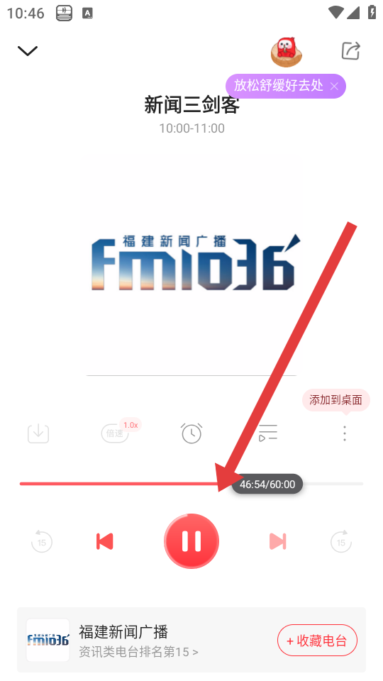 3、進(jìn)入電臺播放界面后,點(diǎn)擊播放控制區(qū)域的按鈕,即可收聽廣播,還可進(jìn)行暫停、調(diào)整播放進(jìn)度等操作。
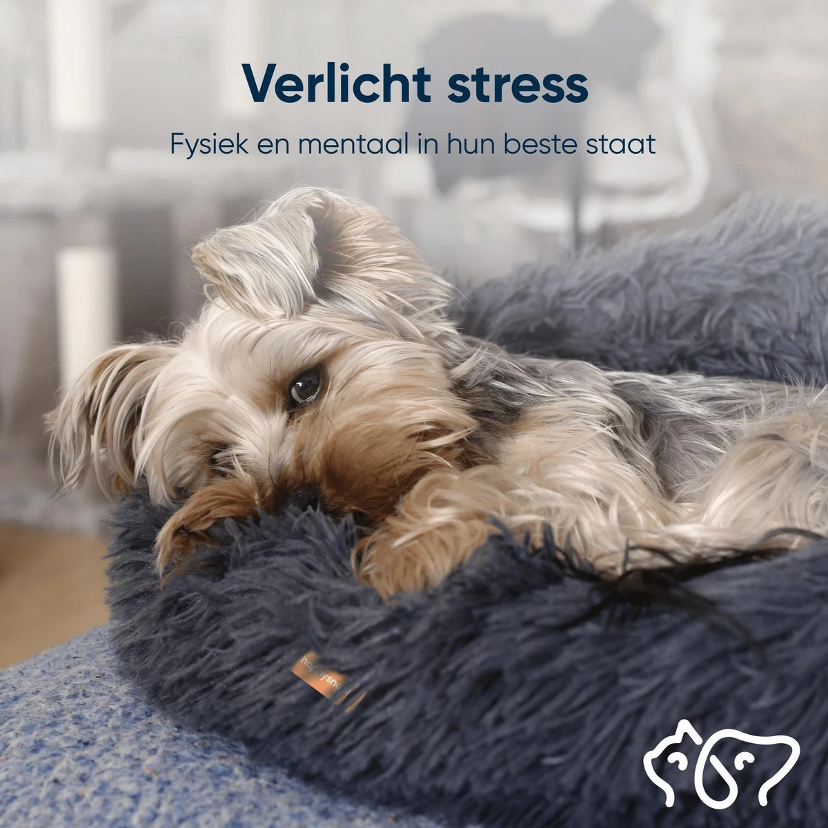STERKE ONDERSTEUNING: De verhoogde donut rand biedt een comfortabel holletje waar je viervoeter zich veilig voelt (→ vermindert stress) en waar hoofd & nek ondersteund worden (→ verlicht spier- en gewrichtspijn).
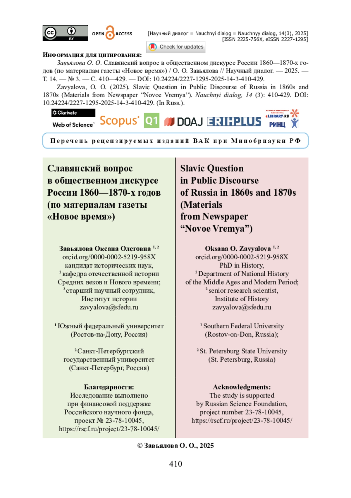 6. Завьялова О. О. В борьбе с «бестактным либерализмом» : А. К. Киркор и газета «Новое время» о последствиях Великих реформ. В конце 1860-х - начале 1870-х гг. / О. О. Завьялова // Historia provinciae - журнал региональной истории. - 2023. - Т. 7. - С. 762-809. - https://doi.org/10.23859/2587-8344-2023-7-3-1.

——

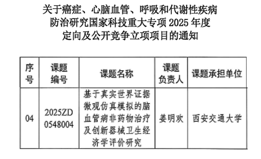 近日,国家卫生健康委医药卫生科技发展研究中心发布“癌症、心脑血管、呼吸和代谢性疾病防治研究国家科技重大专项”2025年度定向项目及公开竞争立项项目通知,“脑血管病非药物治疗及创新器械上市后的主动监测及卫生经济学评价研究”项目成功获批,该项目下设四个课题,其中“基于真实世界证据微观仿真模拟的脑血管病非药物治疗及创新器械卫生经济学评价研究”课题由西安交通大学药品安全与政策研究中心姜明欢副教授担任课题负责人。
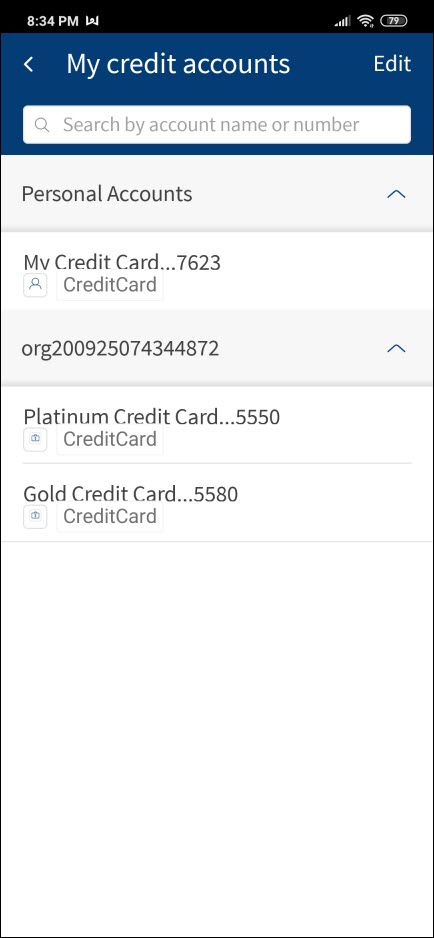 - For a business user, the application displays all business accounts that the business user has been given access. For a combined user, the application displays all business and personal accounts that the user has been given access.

——

* _WHAT YOU WILL DO_
From the material above, output only the span of lines that starts at the one containing "近日,国家卫生健康委医药卫生" and finishes at the one containing "- For a business", word for word and free of pictures.

* _RESPONSE_
 近日,国家卫生健康委医药卫生科技发展研究中心发布“癌症、心脑血管、呼吸和代谢性疾病防治研究国家科技重大专项”2025年度定向项目及公开竞争立项项目通知,“脑血管病非药物治疗及创新器械上市后的主动监测及卫生经济学评价研究”项目成功获批,该项目下设四个课题,其中“基于真实世界证据微观仿真模拟的脑血管病非药物治疗及创新器械卫生经济学评价研究”课题由西安交通大学药品安全与政策研究中心姜明欢副教授担任课题负责人。
 - For a business user, the application displays all business accounts that the business user has been given access. For a combined user, the application displays all business and personal accounts that the user has been given access.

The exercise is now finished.